I never understood that.   Here was a woman who loved music, pop music, opera, show tunes, country music, every kind of music. What was this “it always sounds like you’re tuning your guitar” shit?   We finally had a conversation about it.  

It turned out, much to my surprise, that she was no fan of instrumental music, had never liked it.  When she listened to music she listened to the singers, their passion, the stories their songs told.  That’s why, once she discovered it late in life, she loved country music: the big personalities of the singers and the great stories apparently told in many of the songs.  “I never liked jazz, I love the melodies, I don’t care for improvisation.  I listen to music like I read books: for a good story told in a great voice.”

I remember thinking, damn!  I always assumed she was just being a dick, out of unhappiness with her own life, crapping on something I loved to do– play the guitar.  I never sang, I wanted to play well enough to be an instrumentalist– a thing my mother, weeks before she died, told me she had no understanding of.  In fact, she told me explicitly that she often had a hard time recognizing a song just by hearing the melody played on a guitar.

“Damn…” said the skeleton.

A year earlier mom began crying at the thought that she’d never hear my singer friend Joe sing again.  I had Joe over to my apartment, opened garageband — a program that allowed me to accompany and record Joe and overdub other instruments afterwards–  and accompanied him on a dozen or so songs from the Great American songbook.  After he left I recorded a few more instrumental parts, but left the accompaniments spare, his voice front and center, with a nice dollop of reverb.  

I brought the CD down to Florida, popped it into the computer and played it for her.  She was painfully polite about it, how sweet of us it had been to try to make some music for her, but the music had clearly not done anything for her.
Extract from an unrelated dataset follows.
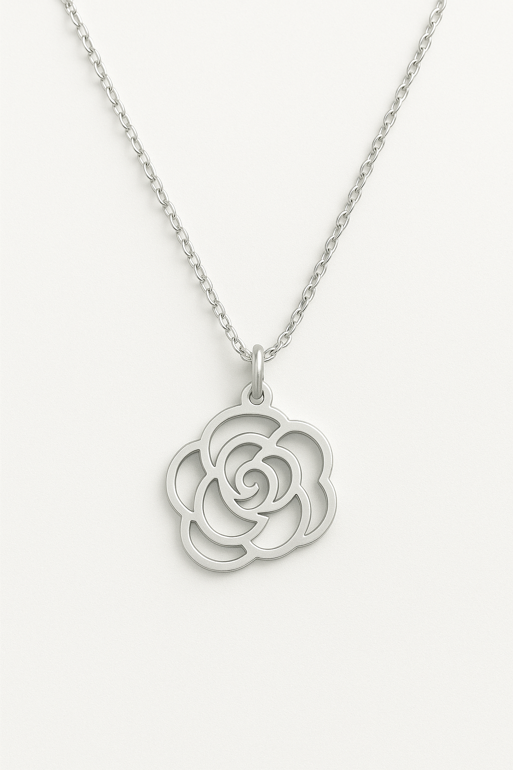 Este collar con colgante en forma de rosa es una joya elegante y atemporal, diseñada para expresar emociones auténticas. Su delicado acabado y su diseño minimalista lo convierten en el complemento perfecto para cualquier estilo y ocasión.
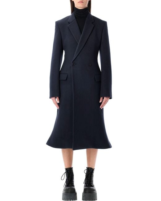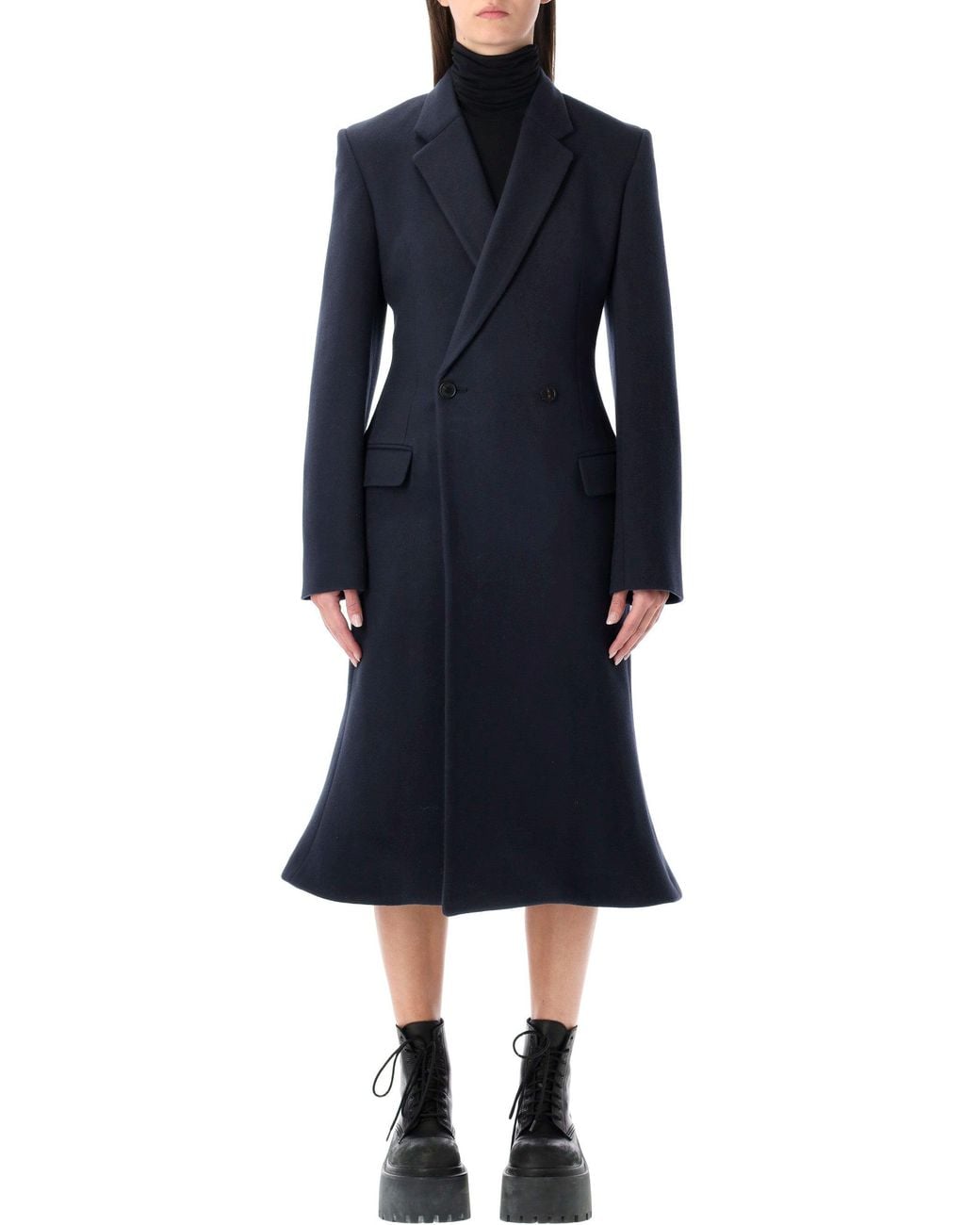 Navy blue brushed wool coat by , featuring padded shoulders, classic lapels, double-breasted front with two buttons, fitted waist, two front flap pockets, and flared godet hem.SpecificationValueSeasonFW25CompositionFABRIC I: 100% WOOL / LINING: 100% CUPRO / POCKET LINING: 100% COTTONColorBLUEColor Code8230Made InITALYISOITDepartmentWomenSectionCLOTHINGSubsectionOUTERWEARSize InformationCLOTHING FRSize CodeFR

About a month later I was talking to her on the phone and she reported “the most amazing thing!”   She’d been lying in bed listening to her iPod and suddenly Joe was singing and it was so beautiful she couldn’t believe it, she had no idea how the song had even got on her iPod.   It sounded like he was singing in a big hall.  It was gorgeous!  

“Which she pronounced ‘gawgiss’,” said the skeleton.  

Yeah.  I explained to her that I’d put the tunes on her iPod from the CD, and if she found a playlist called Joe DiSalle Trio she could hear all dozen or so tunes we’d recorded for her.   I coyly asked her what she thought of the trio (which was me on guitar, keyboard and bass) and she said they were good.  I explained that the big hall sound was a kind of reverb, called “big hall”,  that I’d added to Joe’s voice to give him that Johnny Mathis sound.  I told her I wasn’t surprised it sounded so much better on the iPod, as it was mixed to be heard in stereo through headphones and not over the crappy speakers of the computer in the den.

“Nice story,” said the skeleton.  

Yeah, but that’s not the story.  So a couple of days after cracking up a room full of hospice women in her bedroom in your apartment, she’s suddenly feeling like shit.  She often said “I don’t know why I feel so goddamned shitty all the time!” in the months before she finally died.  I knew not to make any linkage to her approaching death from a painful and wasting cancer that had spread to her whole body.

“Which was kind of you,” said the skeleton.

Anyway, they finally took her, on a gurney, down to an ambulance to take her to Hospice by the Sea.  One of the magpies that used to sit with Ed Pulley and his dim girlfriend on those benches in the parking lot, a woman mom always hated, a nosy ignoramus and a racist, called out “they’re taking another one to die!”  In that case she was right, but what the fuck?  

At the hospice mom lingered for a few days.  I brought my ukulele and I was working on a solo version of I’ll See You in My Dreams, which I played many times while I sat in the room there.  Not long before the end, as I continued to play it, mom turned to me with a big smile and said “I’ll See You in My Dreams!”